De typische route van binnendringing voor de schimmel is traumatische inoculatie via besmet materiaal zoals splinters, doornen of andere scherpe voorwerpen, wat verklaart waarom subcutane mycosen ook wel mycosen van implantatie worden genoemd.3

Hoewel de schimmels die verantwoordelijk zijn voor subcutane mycosen taxonomisch heterogeen zijn, worden ze verenigd door het feit dat ze dezelfde route van binnendringen hebben. Elk van deze infecties kan mensen treffen die naar endemische gebieden zijn gereisd, zelfs jaren na hun terugkeer.

De meest voorkomende subcutane mycosen zijn sporotrichosis, chromoblastomycosis, en mycetoma.1 Andere minder vaak voorkomende entiteiten zijn lacaziosis, phaeohyphomycosis, hyalohyphomycosis, en conidiobolomycosis.

Sporotrichosis

Sporotrichosis is een subacute of chronische infectie veroorzaakt door dimorfe schimmels, waarvan Sporothrix schenckii de meest voorkomende is.4,5 Deze schimmels zijn universeel, hoewel ze meer voorkomen in tropische en subtropische gebieden.
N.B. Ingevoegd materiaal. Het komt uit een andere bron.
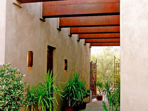For more information on this property, contact the Listing Agent, Pamela and Roger Harlan at (520) 977-8660 or P-R@harlans.com. Step into gated courtyard & savor the perfection of Mystic Canyon Dr. Beautifully designed with spacious rooms overlooking outdoor living room patio, ramada, pool & panoramic Catalina Mtn views. Elegant & cozy--a place to easily entertain or enjoy the desert quiet. Flowing floor plan enhanced by natural light. 4 bedrooms (split plan) + home office, media room where family can escape into the fantasy world of film. Speaker systems indoor & out. Great attention to detail includes rich, deep brown polished concrete floors that are beautiful background for your rugs & furniture, tall solid alder doors throughout & built-in architectural elements. Roof-top patio offers a great place to entertain friends and enjoy the fireworks from nearby Westward Look.

De geschatte incidentie van sporotrichose in Zuid-Amerika ligt tussen 48 en 60 gevallen per 100000 inwoners per jaar.6,7 In Spanje en andere delen van Europa zijn slechts enkele autochtone gevallen gemeld,8 en de meerderheid van de gevallen in deze gebieden is geïmporteerd.9

De verwekkers behoren tot een soortencomplex dat bekend staat als S schenckii,10,11 en dat bestaat uit Sporothrix brasiliensis, Sporothrix mexicana, Sporothrix luriei, Sporothrix pallida (voorheen Sporothrix albicans), en Sporothrix schenckii sensu lato (sl.), die de meest voorkomende van de vijf is.12

Na een incubatietijd van 15 tot 30 dagen leidt traumatische inoculatie door Sporothrix spp. tot een chronische infectie die wordt gekenmerkt door nodulaire laesies in het huidweefsel en onderhuids weefsel in combinatie met lymfangitis in het aangetaste gebied.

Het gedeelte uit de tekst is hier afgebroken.